Most are calls to shells scripts in my ~/bin... and so it looks as if the code has stopped respecting my private PATH. The command that's working calls xterm - so it's picking up the default PATH.
Sorry if this has been flagged before.
Regards _____________________________________________ Peter Collinson
_______________________________________________ Xquartz-dev mailing list Xquartz-dev@lists.macosforge.org http://lists.macosforge.org/mailman/listinfo.cgi/xquartz-dev
Here's another side effect of the change - which I have worked around, so I can work, and don't really understand. If I have a application menu entry Terminal => xterm -vb -lc -sb -sl 5000 The xterm starts and seems OK. However if I use: emacs -nw I find that Control-O is apparently not working. Emacs is not actually seeing it, if I type describe-key ^O into emacs nothing happens. I have ^O bound to 'Command open-line'. Emacs in this case is version 22.2.1 from macports - although I've not recompiled it against the new libraries with 2.3.0 rc4. I also get redraw problems in the terminal, as if the terminfo isn't working quite correctly - bits of the Emacs minibuffer 'go missing'- somewhat as if the terminal is not configured correctly for the command sequence it's getting.

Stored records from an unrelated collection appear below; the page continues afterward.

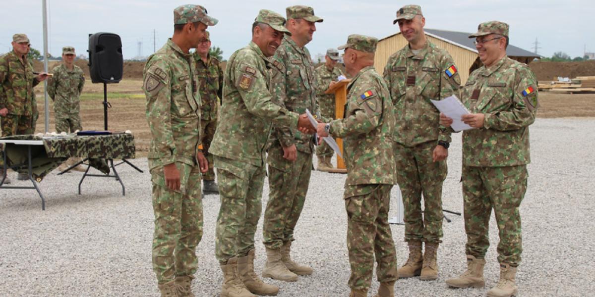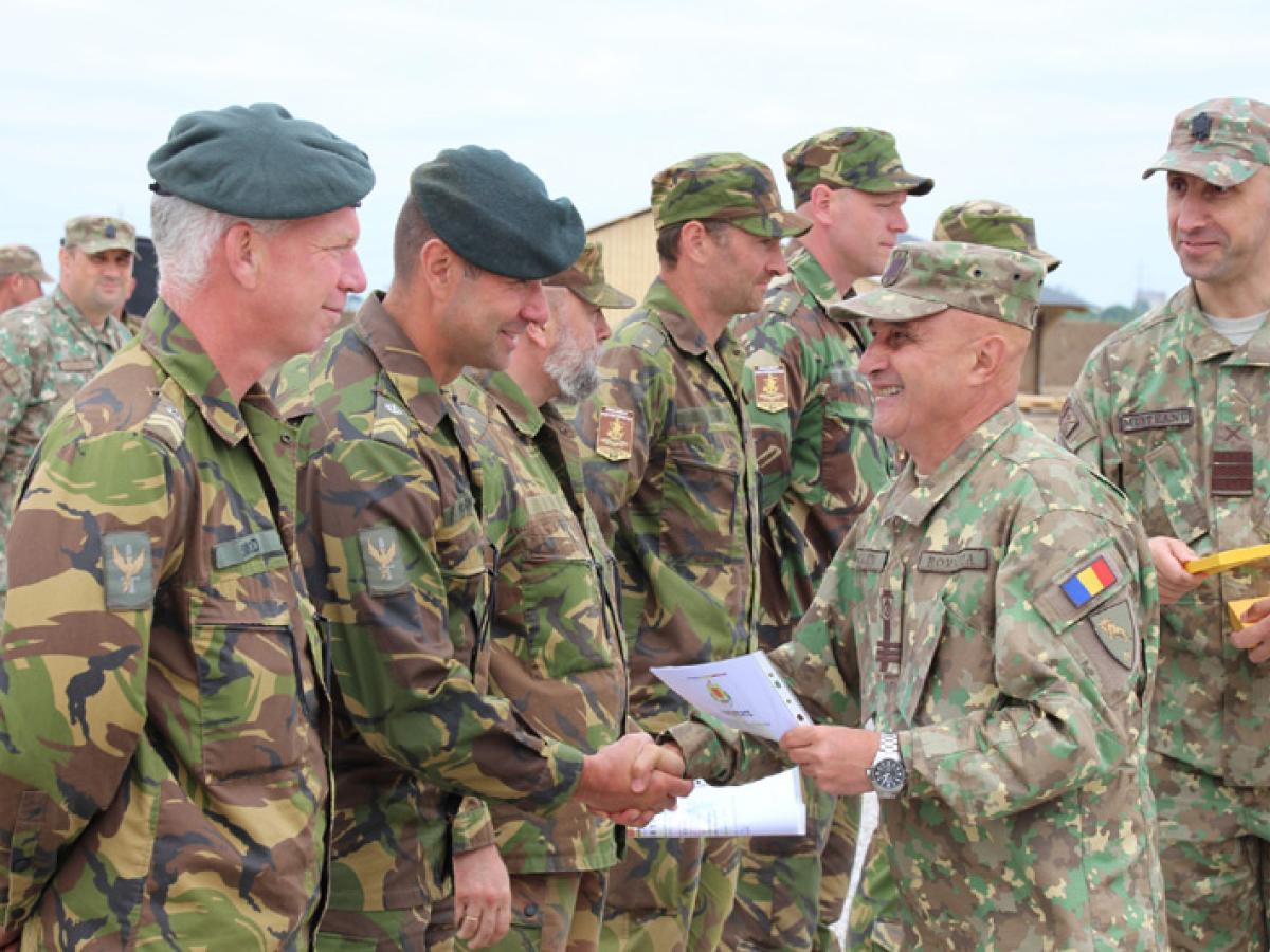 • este vorba de geniștii care au amenajat, în premieră, Poligonul multinațional de instruire în arma geniu, de la Brăila • la ceremonie, a fost prezent lt. col. Harold Dubbelhuis, comandantul Batalionului 101 Geniu din Țările de Jos, precum și camarazii geniștilor brăileni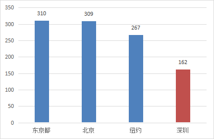 虽然深圳实施了一系列政策吸引国内外人才,但是由于缺少重大科学研究平台和载体,以及新兴产业发展对应用型人才需求增长,导致高端人才难以满足科技创新需求。深圳1.53万名高层次人才中,以院士、引进高层次专家等为代表的“高、精、尖”人才仅占3.3%;全职院士46人,仅为北京的1/16、上海的1/4;在深工作的引进高层次专家461人,仅为北京的1/4、上海的1/2。深圳A类外国高端人才仅有3314人,低于北京(3610人),远不及上海(17811人)。其中,人才蓄水池作用的重大科学研究平台和载体不足,是重要的影响因素。深圳目前有国家重点实验室6家,是北京(116家)的5%、上海(44家)的14%、广州(20家)的30%。据2019年自然指数排名,TOP50的全球科研机构中,北京5家、纽约3家、伦敦3家、东京都2家、新加坡2家,而深圳没有科研机构入榜。全市高校仅有14所,无“双一流”高校,而北上广分别有高校89所、68所、80所,“双一流”高校8所、4所、2所。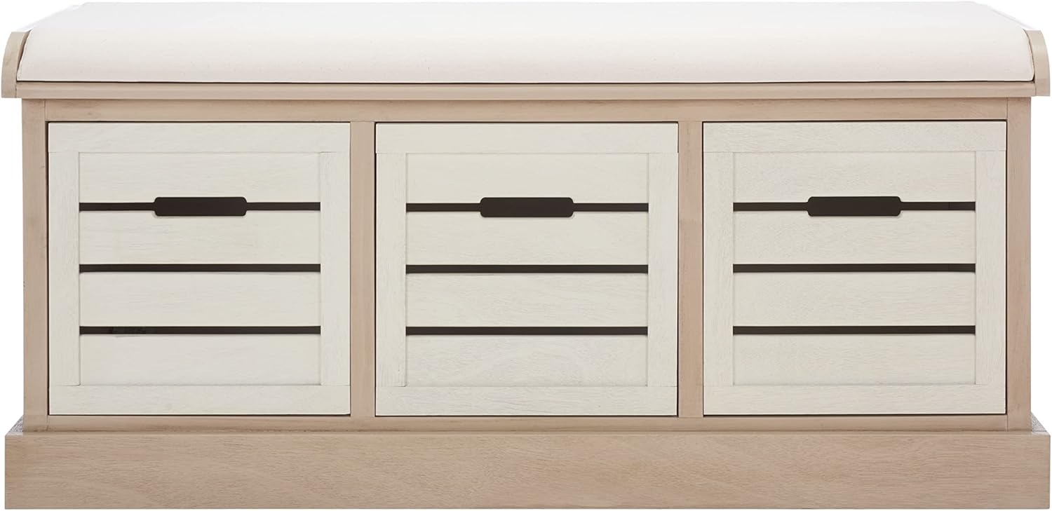 Storage meets style in this Briar Cushion Bench. Perfect for a busy entryway or farmhouse chic bedroom, Briar’s country charm is highlighted in its décor smart black frame, while its greige basket drawers easily hide away life’s messes or store everyday essentials.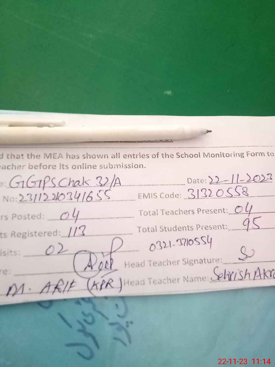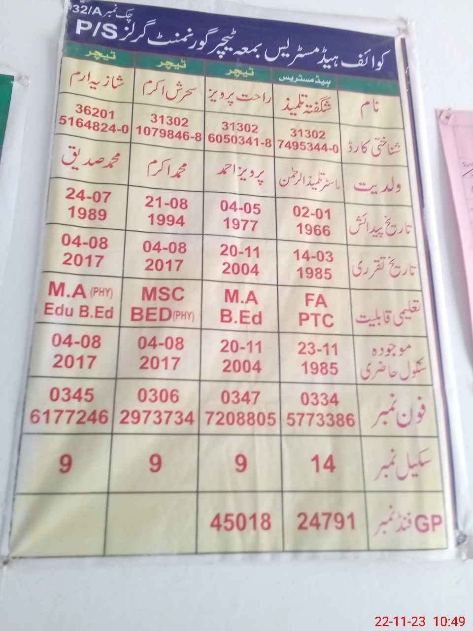 | EMIS Code: 31320558 | Name of School: GGPS CHAK 32/A | |||

The terminal type is xterm-color. If I start an xterm from this xterm - the sub-shell xterm runs Emacs impeccably. This is weird - both the terminals started by X and the one started by hand appear to have the same environment and stty settings. Well I notice that the xterms are running with luit - well it seems that one started by X is - the one I started by hand isn't. I presumed that the one started by hand is affected by the locale code in my startup sequence - and essentially things are solved by inserting locale setting code before calling /usr/X11/bin/xterm - which is what uxterm does. So changing the menu setting to call uxterm is the solution - except that it doesn't obey my Xresources which talks about Xterms.. I've worked around things by adapting the uxterm script into a private xterm program. On 15 Jun 2008, at 06:12, Jeremy Huddleston wrote:
That's right, and it will continue to be that way. The PATH inherited by the application isn't being altered by your .profile. The .app is now (correctly) getting the same environment that any other apps get.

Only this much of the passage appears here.